Sunday, August 24, 2008

#52

meaningful blog? let's see.

work wasn't as much of a drag as it usually is on a sunday. i had a goal of $2,193. impossible much? impossible is nothing [unless you're in originals and not the performance store]. i did probably close to $1,600. no one made their goal, so i'm definitely not stressing it. our dj today was on point; his set kept me dancing. he was amazingly cute; like, i was gawking at him the whole time. then this little snow bunny kept hopping around him, the claws came out of me. everyone kept looking out for me [gotta love my dasslers]. my little shy ass, always afraid of rejection, sent a note [via boogie] with my number. boogie called me a home wrecker for the rest of the day because we all had the notion that the white chick was his shorty. but when dave the dj [smile] came over to me to introduce himself, start a conversation, and let me know that he'd give me a call some time, the whole store when back to high school, buzzing around the gossip of the hella cute dj talking to the dancer with the purple hair. [that's when boogie changed my name from home wrecker to I.D.L. [i destroy lives] because as he says; don't leave your man around me because i'll bag 'em--paper or plastic?]

greg came in today. we had a little discussion at about 12:30 am via text about us not hanging out, and how, and i quote, "i need to chill and be more relaxed...i'm a little sensitive...i need to not feed into things too much." now we all know that the one thing that will piss me off is some being with a dangling part telling me about myself, so of course, i wasn't so thrilled to see him. he took it as me acting up. i cleared that up with the quickness. as soon as he left, he got a text: "this isn't me acting up...you don't want to see that."

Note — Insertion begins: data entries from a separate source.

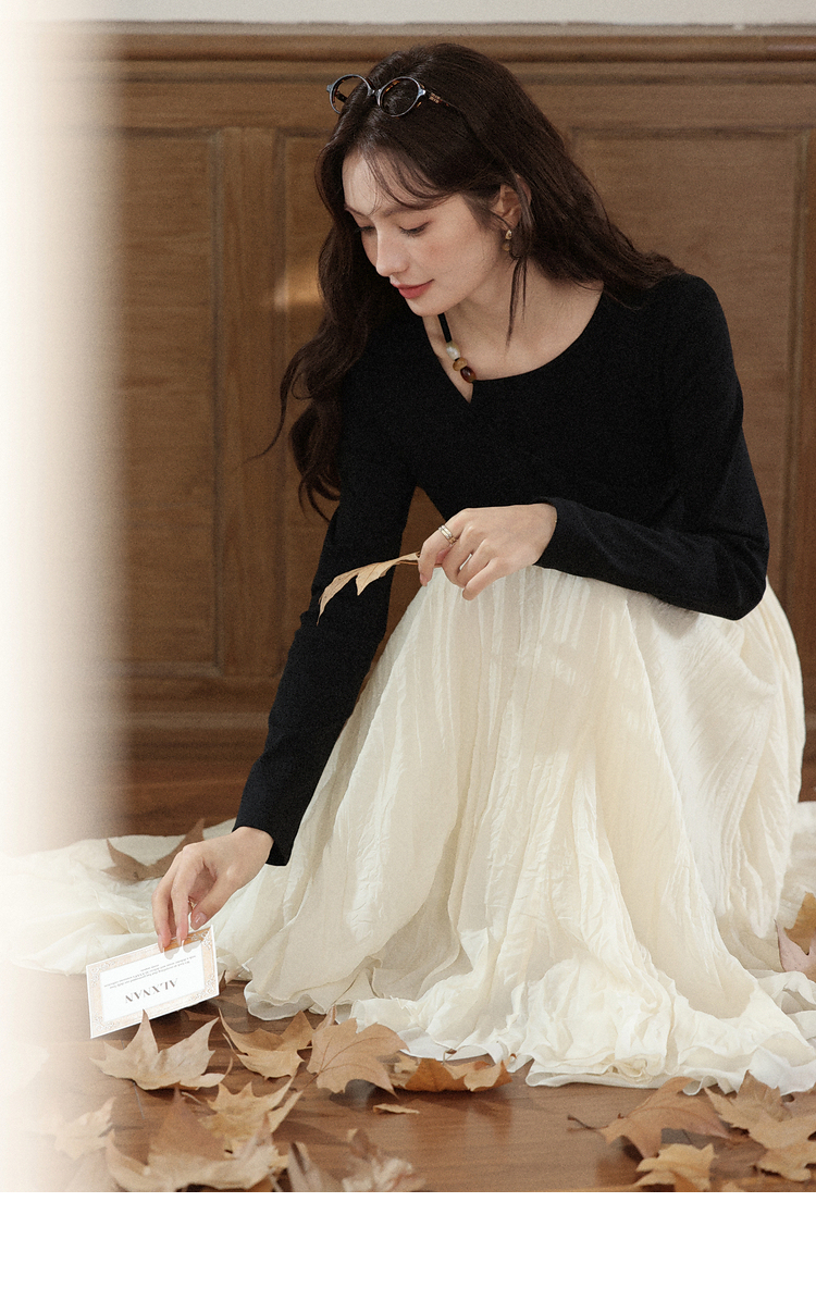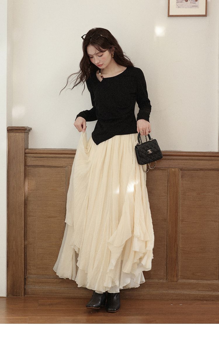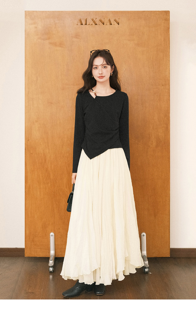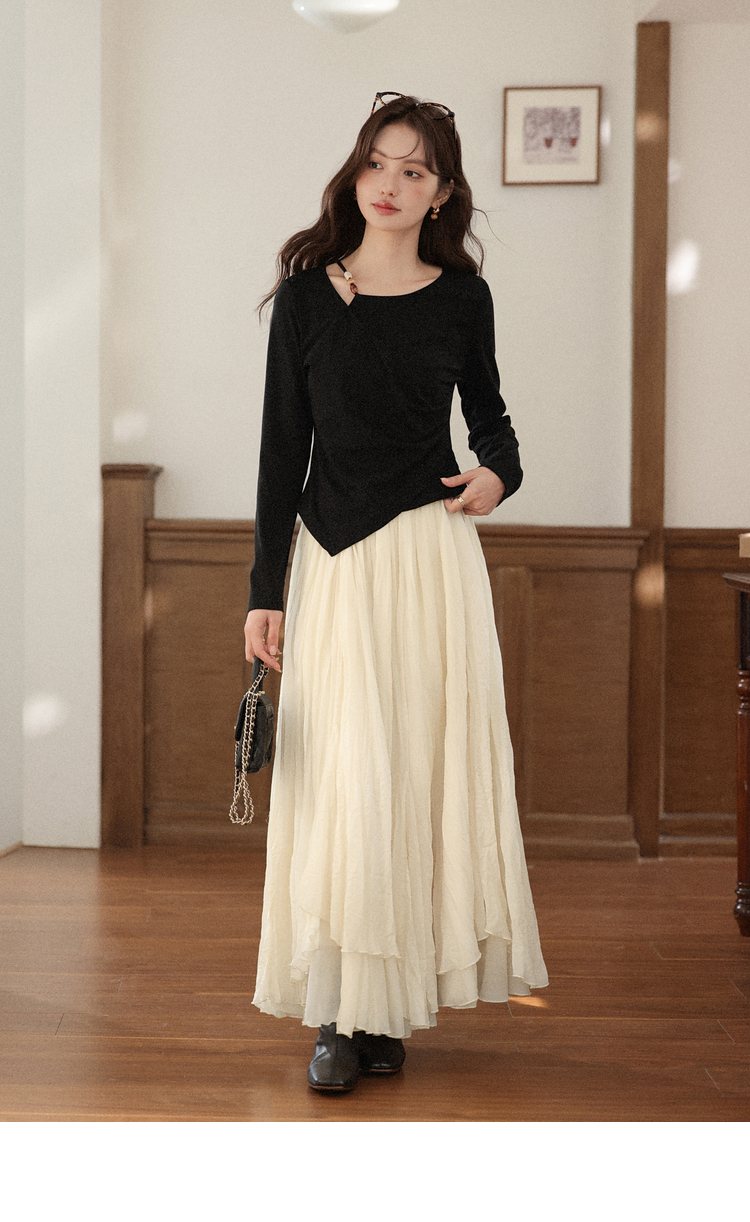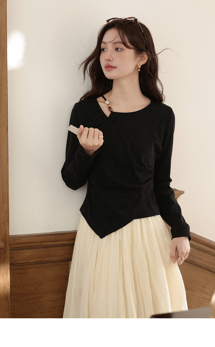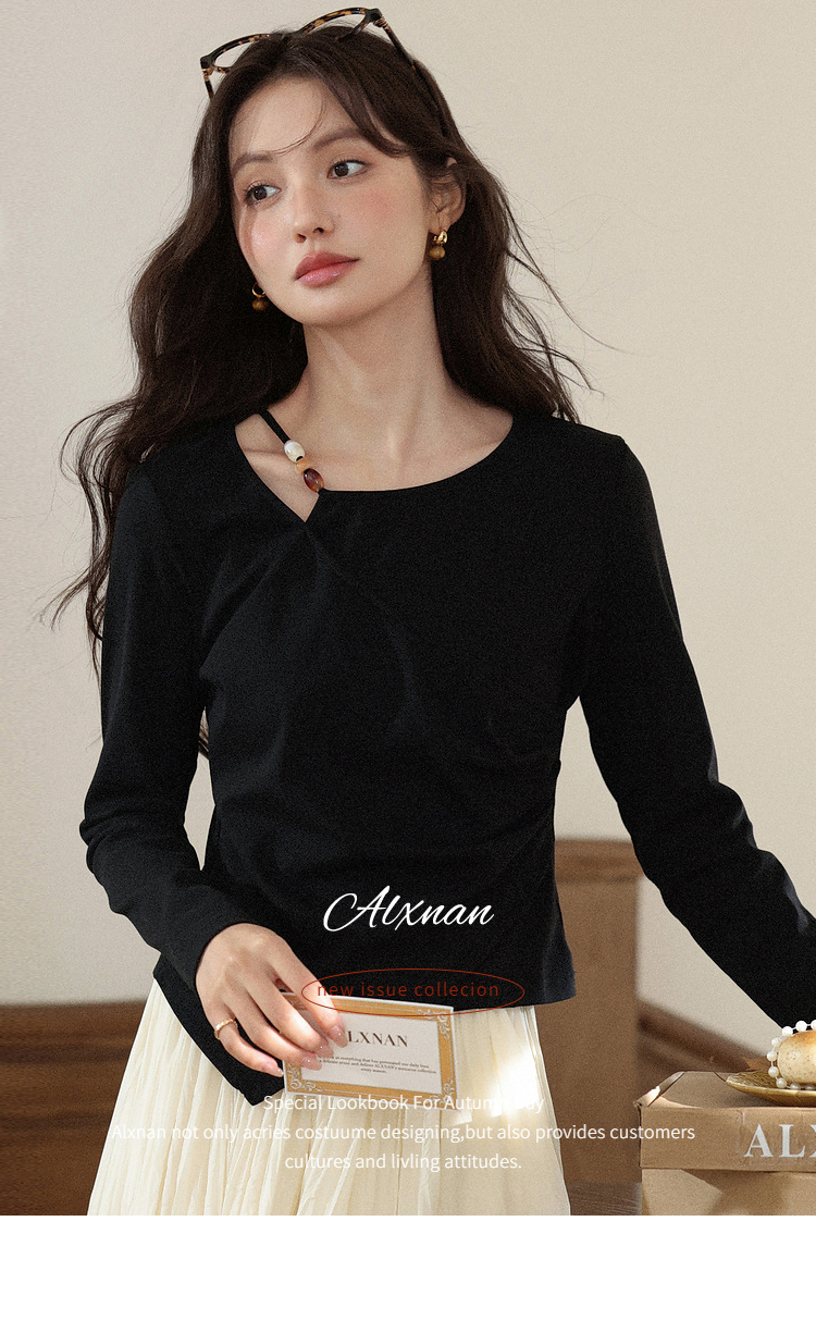 鹿向南「尼斯漫记」设计感黑色长袖T恤秋季新款新中式修身上衣女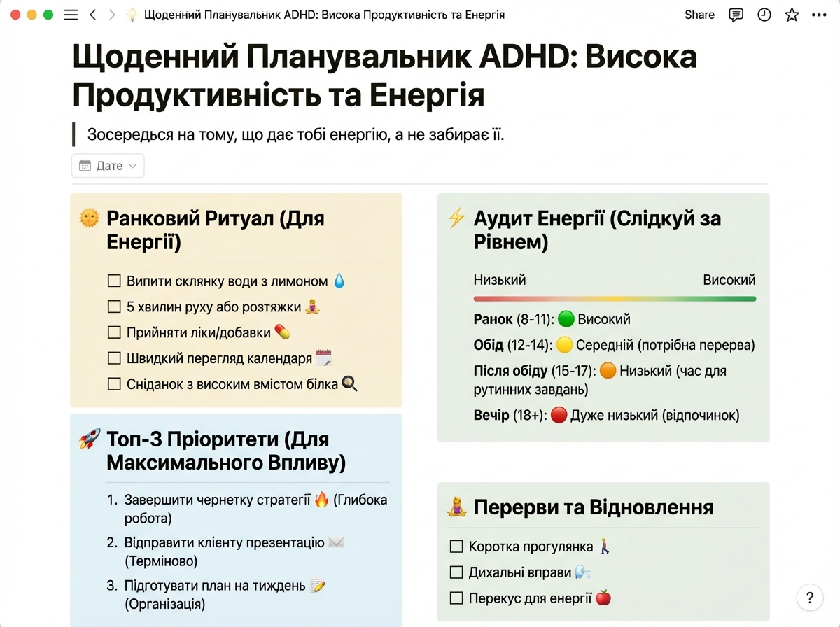 “Менше внутрішнього шуму зранку: бачу, з чого почати, без хаосу.”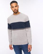 - Colour-blocked knit with navy and grey stripes classic crew neckline with ribbed collar cuffs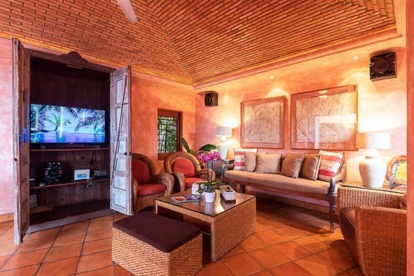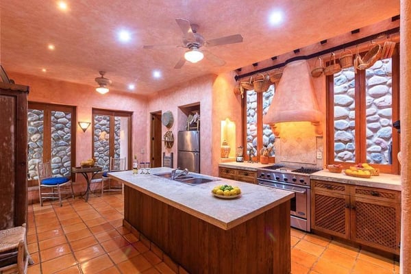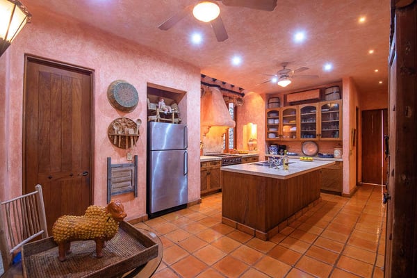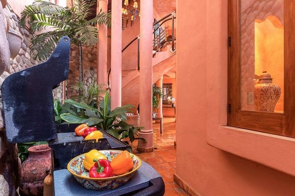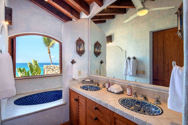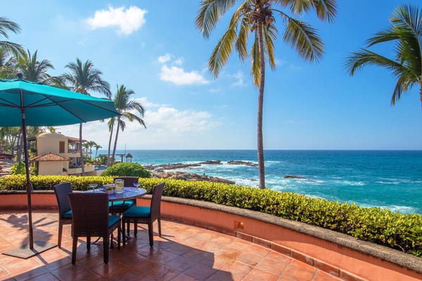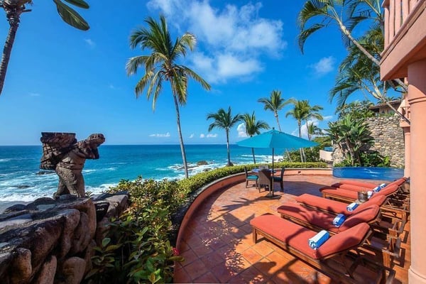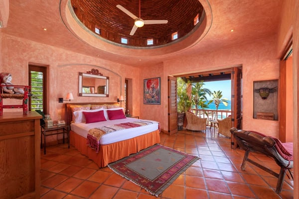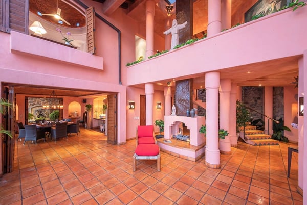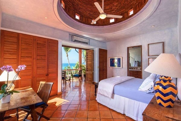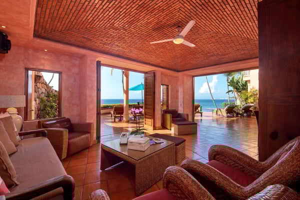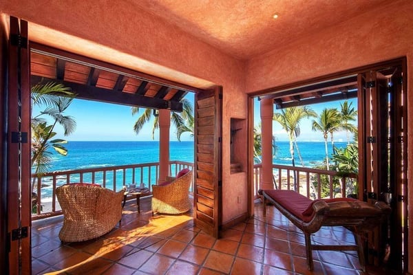 Experience beachfront luxe at Villa Marea Baja, a mix of Antiques, hand-woven textiles, folk art and fun modern touches. The three Bedroom plus fourth flex bedroom Beach house is located approximately 1 ½ miles from the charm and energy of the Romantic Zone and downtown Puerto Vallarta. The design is a focus is the best of indoor/outdoor living, with a heated infinity pool looking out to views of the sparkling Pacific Ocean. This luxury private villa includes all the luxury amenities and comforts plus full staff for an unforgettable vacation getaway Villa Marea Baja is part of a two-villa walled complex, the two villas are designed to be completely private and self-contained, just sharing the common elevator down to the lower level for Beach access for Marea Alta and access to the main entrance of Villa Mara Baja. The names of the villas translate as High Tide (Villa Marea Alta) and Low Tide (Villa Marea Baja). Villa Marea Baja the lower villa is closer to the beach. The beach is swimmable for kids and adults.

raoul did another no-no. he was supposed to pick me up from work at 6:30 [yes, i got off at 6:45, but his coconut ass probably runs on colored people time]. i got a text at 6:33, saying he won't be able to make it because of some soccer game in the bronx. i'm sorry; was i supposed to care? he offered to come see me when he got to brooklyn. the bitch in me told him not to bother. now, you'd think he'd leave me alone, since he did just piss me off and practically stood me up. but no. on the bus ride home, he calls and says he's leaving the bronx and he'll call me when he gets into brooklyn so he can come see me. i said no. he asked why. i love the bitch in me sometimes: i told him i just might strangle him if i saw him. he got the hint.

steve and i got into an argument last night, which continued throughout my journey to work this morning. we stopped talking back in september or october because i told him i didn't want to have sex if i wasn't in a relationship. now this fuck face [pardon my french] swears up and down that he doesn't remember saying to me "then i'll have to get it from somewhere else." our argument wasn't because of that statement; that argument happened last month. this argument was about him saying slick shit like that, and them thinking i "wouldn't be stupid enough to take it seriously." i'm sorry. go die in a hole.


steve, jason, [yes, jason], greg, raoul, and now dave. you'd think i'd be heading back on the path of promiscuity that i was on last summer. definitely not. i have a whole new outlook and i'm taking a different approach to this whole dating game shenanigan. this isn't me on my i'll sleep with you and then never call you again, just so you'd feel how i've felt with these pricks i've dealt with in the past type shit. oh no. this is me on my fuck niggas, get money, do me, put nothing before my life, my future, and my girls, and if a guy happens to come along, he's my last priority type shit. i have no problem cutting men off, for i have nothing to lose. come try me . . .

thinking about my next big art project. something with this damn canvas i bought and have nothing to do with.

daddy goes back in on tuesday. school starts wednesday. i have a full week ahead of me.